◆ WHAT YOU ARE ASKED TO DO ◆
Transcribe, starting at the line with "في سنة 1861" and ending at the line with "Dalam rangka pengamanan", every line of the material below exactly, but leave out the pictures and anything outside that span.

◆ DATA TO PROCESS ◆
◇ ◇ ◇

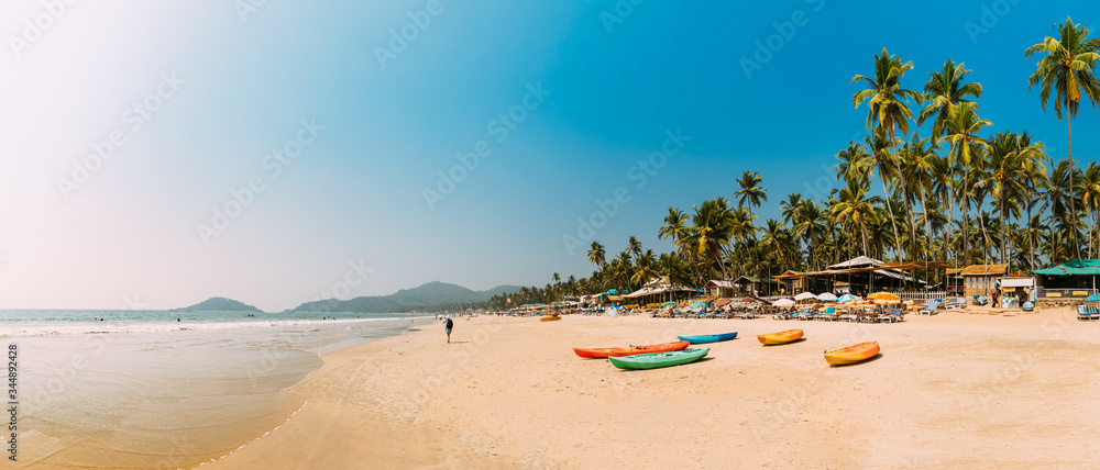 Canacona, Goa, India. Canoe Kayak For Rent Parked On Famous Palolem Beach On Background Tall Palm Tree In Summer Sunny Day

◇ ◇ ◇

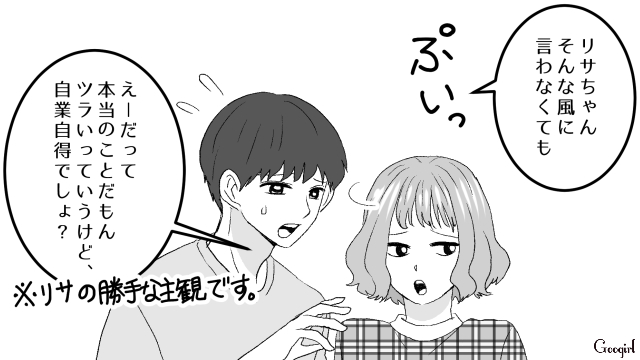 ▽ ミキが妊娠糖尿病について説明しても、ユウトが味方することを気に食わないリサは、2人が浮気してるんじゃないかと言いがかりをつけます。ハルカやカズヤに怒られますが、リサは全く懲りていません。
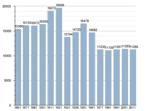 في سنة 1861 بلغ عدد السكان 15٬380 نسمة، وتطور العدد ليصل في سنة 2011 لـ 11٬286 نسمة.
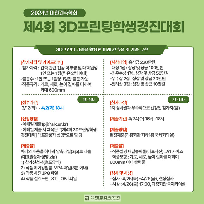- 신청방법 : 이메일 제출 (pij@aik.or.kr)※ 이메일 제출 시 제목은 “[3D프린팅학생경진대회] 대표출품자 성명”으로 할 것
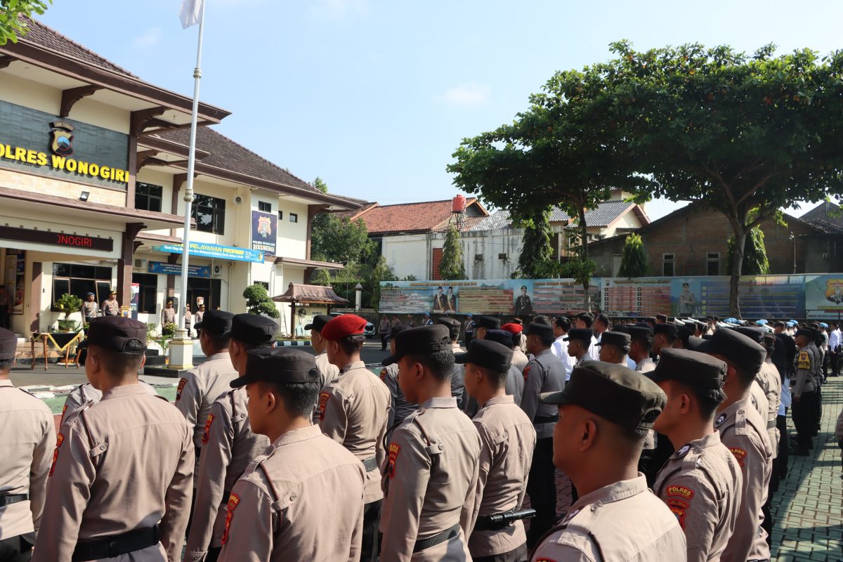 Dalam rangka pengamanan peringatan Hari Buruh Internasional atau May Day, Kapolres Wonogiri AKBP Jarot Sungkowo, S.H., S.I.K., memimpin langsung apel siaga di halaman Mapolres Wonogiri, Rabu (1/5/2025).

◇ ◇ ◇

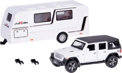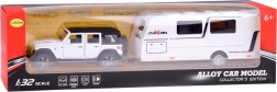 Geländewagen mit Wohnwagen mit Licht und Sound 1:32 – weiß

◇ ◇ ◇

◆ WRITTEN SOLUTION ◆
 في سنة 1861 بلغ عدد السكان 15٬380 نسمة، وتطور العدد ليصل في سنة 2011 لـ 11٬286 نسمة.
- 신청방법 : 이메일 제출 (pij@aik.or.kr)※ 이메일 제출 시 제목은 “[3D프린팅학생경진대회] 대표출품자 성명”으로 할 것
 Dalam rangka pengamanan peringatan Hari Buruh Internasional atau May Day, Kapolres Wonogiri AKBP Jarot Sungkowo, S.H., S.I.K., memimpin langsung apel siaga di halaman Mapolres Wonogiri, Rabu (1/5/2025).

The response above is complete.